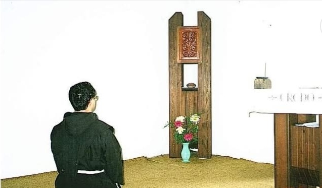 A képen látható szerzetes nem menekülésből vonult el a világ zajától, hanem azért, hogy visszataláljon a lényeghez. Térdel a szentségi Jézus előtt, mert tudja: a valódi béke nem a világi élmények habzsolásában, hanem az Istenben való megnyugvásban rejlik. Az Oltáriszentségben jelen lévő Krisztus nem egy távoli, elvont fogalom, hanem a legszemélyesebb valóság. A szerzetes minden vágyat, kérdést, örömet és fájdalmat elé viszi – nem azért, mert mindent értene, hanem mert bízik.
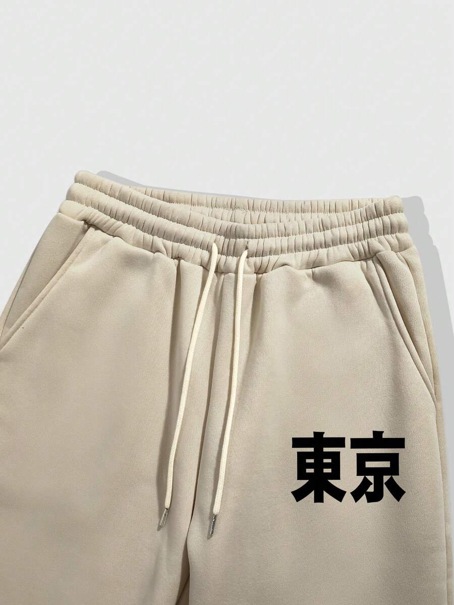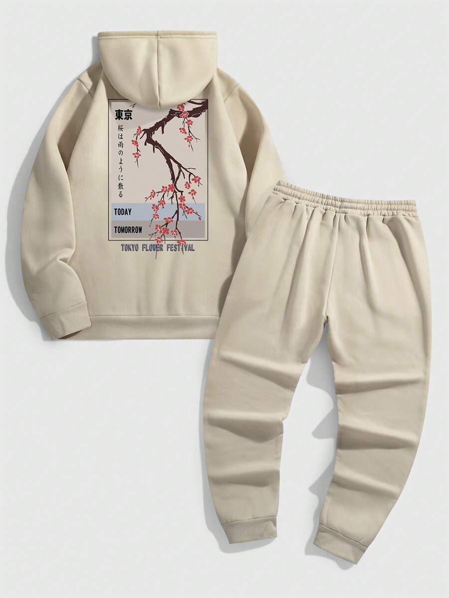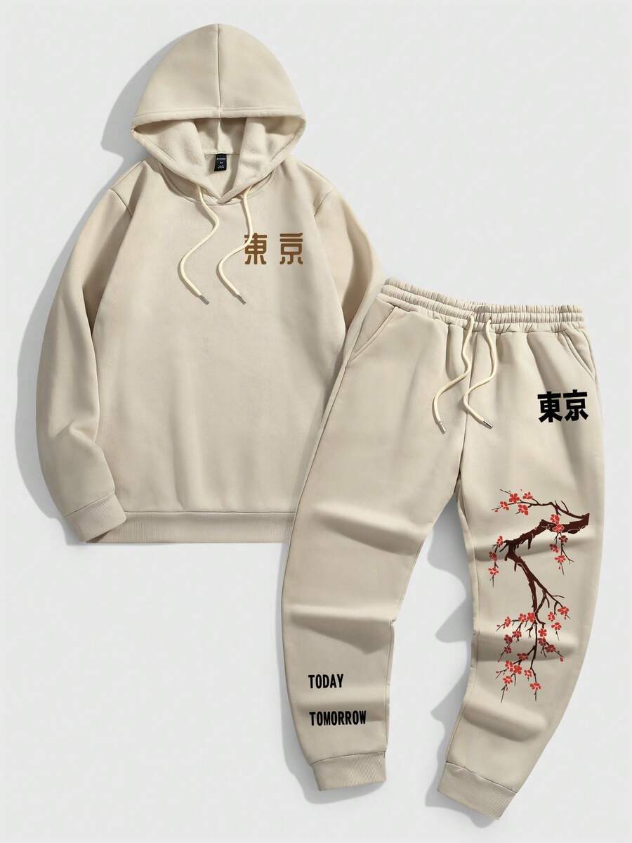 Anime Men's Letter & Flower Print Fleece Hoodie And Sweatpants Set With Drawstring, 2pcs
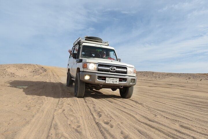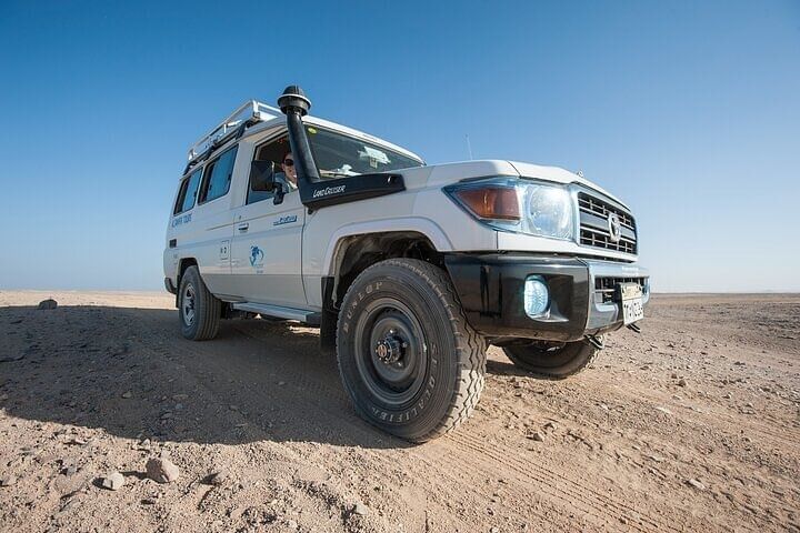 Experience an exhilarating Jeep & Quad safari through the vast desert landscapes of Marsa Alam. Your adventure begins with a convenient hotel pickup, where you'll be driven to the Sahara

━━━━━━━━━━━━━━━━━━━━

_Your instructions:_ Your reply should contain only an exact copy of the lines from the beginning of the material through the line with "Anime Men's Letter", both ends included, with the pictures removed.

_Result:_
 A képen látható szerzetes nem menekülésből vonult el a világ zajától, hanem azért, hogy visszataláljon a lényeghez. Térdel a szentségi Jézus előtt, mert tudja: a valódi béke nem a világi élmények habzsolásában, hanem az Istenben való megnyugvásban rejlik. Az Oltáriszentségben jelen lévő Krisztus nem egy távoli, elvont fogalom, hanem a legszemélyesebb valóság. A szerzetes minden vágyat, kérdést, örömet és fájdalmat elé viszi – nem azért, mert mindent értene, hanem mert bízik.
 Anime Men's Letter & Flower Print Fleece Hoodie And Sweatpants Set With Drawstring, 2pcs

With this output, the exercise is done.